Effects of an OSI on BP were only observed for diastolic BP, in the case of OSI + DR vs. DR alone. This change (i.e., WMD: − 1.15 mm Hg, 95% CI (− 2.03; − 0.28)) was inconsistent in other types of interventions and not found in case of systolic BP. A similar inconsistency was observed for glucose homeostasis markers, where significant differences were observed for HbA1c only in RCTs comparing OSI + DR versus DR alone and for glucose for RCTs comparing OSIs vs. no OSIs. No significant differences were observed in any other intervention or in interventions comparing an OSI with heterogeneous controls, regarding any glucose homeostasis marker. A meta-analysis of RCTs evaluating the effects of oat products on glycaemic control among diabetic patients indicated that the effects of oats and oat beta-glucans on glycaemic control and insulin sensitivity are inconclusive [5]. In line with our work, a systematic review on oat intake and its association with CVD risk markers did not find convincing evidence of oat influence on insulin sensitivity and emphasized the importance of exploring additional CVD markers [4]. However, it has been proposed that the glycaemic benefits of oats are directly dependent on the structural integrity of the oat kernel, β-glucan’s dose, molecular weight and comparison [13, 53–55]. Even though our findings were based on a limited number of studies focused on OSIs and glucose homeostasis, they still suggest some benefits for the later and thus warrant the need for further more rigorous research.

Strengths, limitations and recommendations for future research

To the best of our knowledge, this is the first study to provide a comprehensive analysis on the role of OSI on several CVD risk markers, accounting for background diet and control arms. To identify as many relevant studies as possible and reduce the risk of publication bias, a highly sensitive search strategy was used and additional resources were searched including the reference lists of included trials and relevant systematic reviews. Conventional funnel plots and Egger test estimates showed only a minimal publication bias; still, these methods are limited by their qualitative nature and we cannot exclude the possibility of measured or unmeasured publication bias. Location of study and percentage of male participants contributed to the heterogeneity of findings, and the OSI’s dose and duration were highly variable. Thus, future studies exploring the role of sex, ethnicity and cultural factors in the association of OSIs and risk of CVD are warranted. Our findings need to be interpreted cautiously, with considerations of the specific comparison food/diet. Also, only 36 out of 74 RCTs (48.6%) took isocaloric diet between arms into account, and whether these differences affect the results should be explored by future studies.

Conclusion

Supplementation of diet with oat cereals improves CVD risk markers among healthy adults and those with mild metabolic disturbances, particularly by influencing serum total and LDL cholesterol, BMI and WC. The beneficial effects on TC and LDL-C were independent of the dietary background. The role of OSIs on BP, glucose homeostasis or other markers, could not be established.

Supplementary Information

Below is the link to the electronic supplementary material.

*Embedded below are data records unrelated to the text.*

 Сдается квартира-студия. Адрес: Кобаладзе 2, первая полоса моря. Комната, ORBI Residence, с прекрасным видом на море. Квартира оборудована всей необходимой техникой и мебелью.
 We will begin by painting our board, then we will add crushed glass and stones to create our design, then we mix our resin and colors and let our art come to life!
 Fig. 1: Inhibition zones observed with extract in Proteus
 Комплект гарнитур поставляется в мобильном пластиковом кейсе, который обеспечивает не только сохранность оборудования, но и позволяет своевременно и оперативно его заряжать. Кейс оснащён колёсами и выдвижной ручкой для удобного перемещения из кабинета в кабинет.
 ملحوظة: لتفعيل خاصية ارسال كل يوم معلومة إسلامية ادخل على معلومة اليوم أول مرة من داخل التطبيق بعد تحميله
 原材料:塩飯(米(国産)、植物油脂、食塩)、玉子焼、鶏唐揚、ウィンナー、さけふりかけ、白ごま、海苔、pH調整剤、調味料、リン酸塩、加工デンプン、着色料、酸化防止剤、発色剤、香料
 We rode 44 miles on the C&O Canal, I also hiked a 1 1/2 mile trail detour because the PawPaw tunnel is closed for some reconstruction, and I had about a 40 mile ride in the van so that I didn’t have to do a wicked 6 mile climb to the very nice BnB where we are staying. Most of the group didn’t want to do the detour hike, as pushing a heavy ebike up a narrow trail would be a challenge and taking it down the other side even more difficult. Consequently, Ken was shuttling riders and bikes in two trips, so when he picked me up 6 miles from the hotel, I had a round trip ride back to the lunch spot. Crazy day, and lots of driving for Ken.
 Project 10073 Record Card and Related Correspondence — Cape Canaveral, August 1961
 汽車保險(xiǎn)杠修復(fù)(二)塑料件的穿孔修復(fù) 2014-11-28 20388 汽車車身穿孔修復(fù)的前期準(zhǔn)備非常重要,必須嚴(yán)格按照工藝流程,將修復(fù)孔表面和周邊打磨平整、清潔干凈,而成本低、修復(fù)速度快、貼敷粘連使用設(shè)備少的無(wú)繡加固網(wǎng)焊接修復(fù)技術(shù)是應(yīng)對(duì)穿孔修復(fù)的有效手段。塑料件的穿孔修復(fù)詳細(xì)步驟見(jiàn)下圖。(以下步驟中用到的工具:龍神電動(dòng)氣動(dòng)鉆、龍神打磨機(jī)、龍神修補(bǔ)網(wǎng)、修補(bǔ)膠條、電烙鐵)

Supplementary file1 (DOCX 323 KB)^{(322.8KB, docx)}

Author contributions

All authors provided inputs and agreed on the final version of the manuscript. TM and HK conceptualized the research and supervised the project administration. EL and GD were involved in the screening process of abstracts, assessing full-text articles for eligibility, data extraction and quality assessment of included studies and contributed to writing the first draft of the manuscript. MG and TM were involved in all the phases of the literature search, study selection procedure, interpretation the results and guided the writing of the manuscript. EL, HK, TV, PMV, BeM and AB were involved in reviewing the manuscript and in finalizing it. AB was also involved in quality assessment. EL, HK, EV, MG, LK, SS, JS and BrM participated data extraction, synthesis and interpretation, as well as in providing editorial and medical writing assistance. EL designed the graphical summary.

Funding

This research was supported by Standard Process Inc. Brandon Metzger and Hua Kern are scientists at Standard Process Nutrition Innovation Centre. Erand Llanaj was supported by the Hungarian Academy of Sciences (TK2016-78) and the National Research, Development and Innovation Fund of Hungary, financed under the K_20 funding scheme (Project no. 135784). All other authors have nothing to disclose. The sponsor did not participate in the conduct of the study and the collection, management, analysis, and interpretation of the data. Preparation, review, and approval of the manuscript and the decision to submit the manuscript for publication were undertaken by authors. The sponsors did not have the right to veto publication or to control the decision.

Declarations

Conflict of interest

Hua Kern and Brandon Metzger were employees of Standard Process Inc. at the time of the manuscript’s development, writing and submission. Standard Process provided support in the form of personal fee for author TM and paid the fee for the publication. All other authors declare that they have no known competing financial interests or personal relationships that could have appeared to influence the work reported in this paper.

Ethical approval

Not applicable.

Consent to participate

Not applicable.

Footnotes

Erand Llanaj and Gordana M. Dejanovic have contributed equally to this work.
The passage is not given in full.